- [Goal of the exercise]
How do the lines read from the one holding "#移住#移住したい#移住地探" through the last line of the listing? Set them down exactly, pictures omitted.

[Supplied information — start]

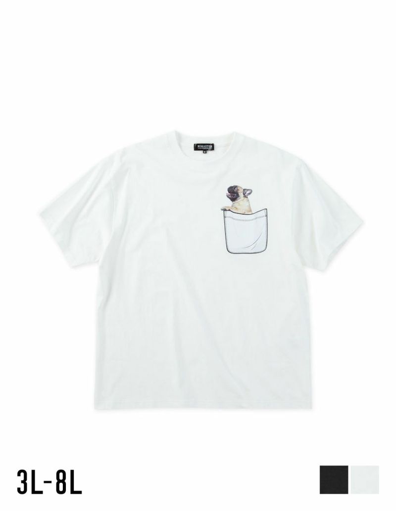 胸ポケットがあるように見えるトリックアートがプリントされたクルーネックTシャツ。
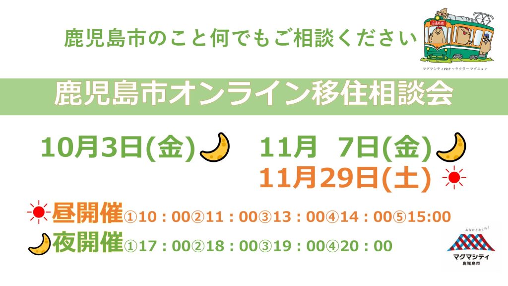 #移住#移住したい#移住地探し#移住支援#移住生活#移住計画#移住検討#地方移住#移住者#移住相談#移住相談会#鹿児島市#鹿児島市役所#鹿児島市移住相談室#かごしま移住ライフ#かごしま市IJU倶楽部#マグマシティ#マグマシティ鹿児島市#鹿児島#鹿児島移住#鹿児島市移住#オンライン相談会
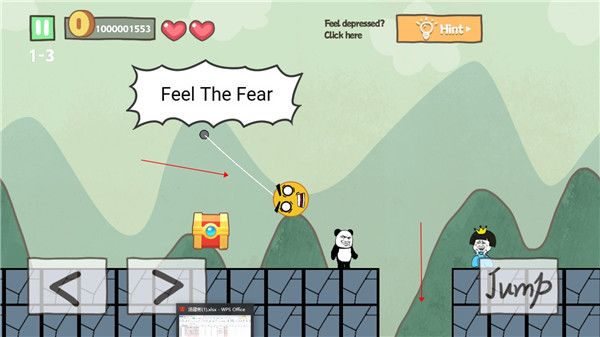 4、这关不要管前面的钥匙直接走,这里跟第一关有点类似,也有一个隐形的方块勾引出来就行,不要从云上跳,云也是个陷阱。

[Supplied information — finish]

- [Task solution]
 #移住#移住したい#移住地探し#移住支援#移住生活#移住計画#移住検討#地方移住#移住者#移住相談#移住相談会#鹿児島市#鹿児島市役所#鹿児島市移住相談室#かごしま移住ライフ#かごしま市IJU倶楽部#マグマシティ#マグマシティ鹿児島市#鹿児島#鹿児島移住#鹿児島市移住#オンライン相談会
 4、这关不要管前面的钥匙直接走,这里跟第一关有点类似,也有一个隐形的方块勾引出来就行,不要从云上跳,云也是个陷阱。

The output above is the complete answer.